Problem description:
Every line from the one containing "Uma pesquisa Datafolha" to the end of the data below should be copied exactly, but pictures should not.

Data excerpt:

^^^^

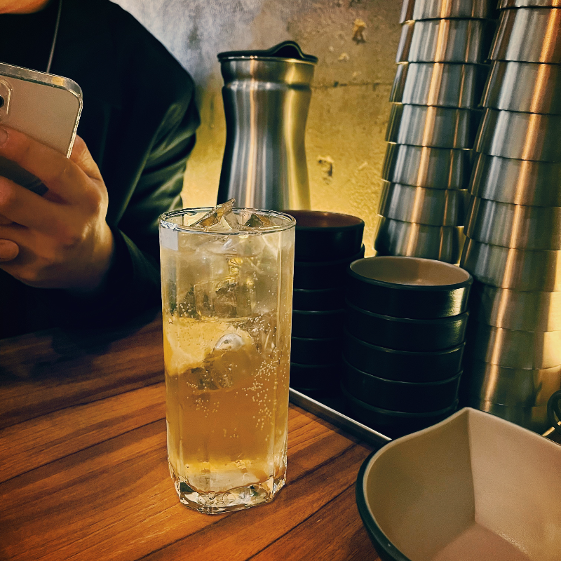 같이 간 친구는 한우국수를 골랐고 제임슨 하이볼과 새우튀김까지 주문했습니다. (요즘 입이 제대로 터져서🥲)
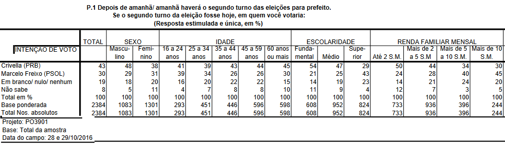 Uma pesquisa Datafolha feita às vésperas da votação no segundo turno, e que chegou razoavelmente perto da realidade (coisa rara no Rio, um lugar onde as pesquisas costumam errar por margens assombrosas), nos fornece um perfil sócio-econômico do eleitores de Crivella e Freixo.
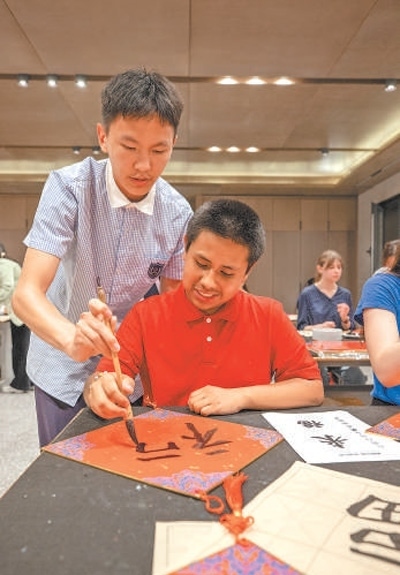 馬斯卡廷中學(xué)學(xué)生(前)在體驗漢字書法。

^^^^

Answer for the task:
 Uma pesquisa Datafolha feita às vésperas da votação no segundo turno, e que chegou razoavelmente perto da realidade (coisa rara no Rio, um lugar onde as pesquisas costumam errar por margens assombrosas), nos fornece um perfil sócio-econômico do eleitores de Crivella e Freixo.
 馬斯卡廷中學(xué)學(xué)生(前)在體驗漢字書法。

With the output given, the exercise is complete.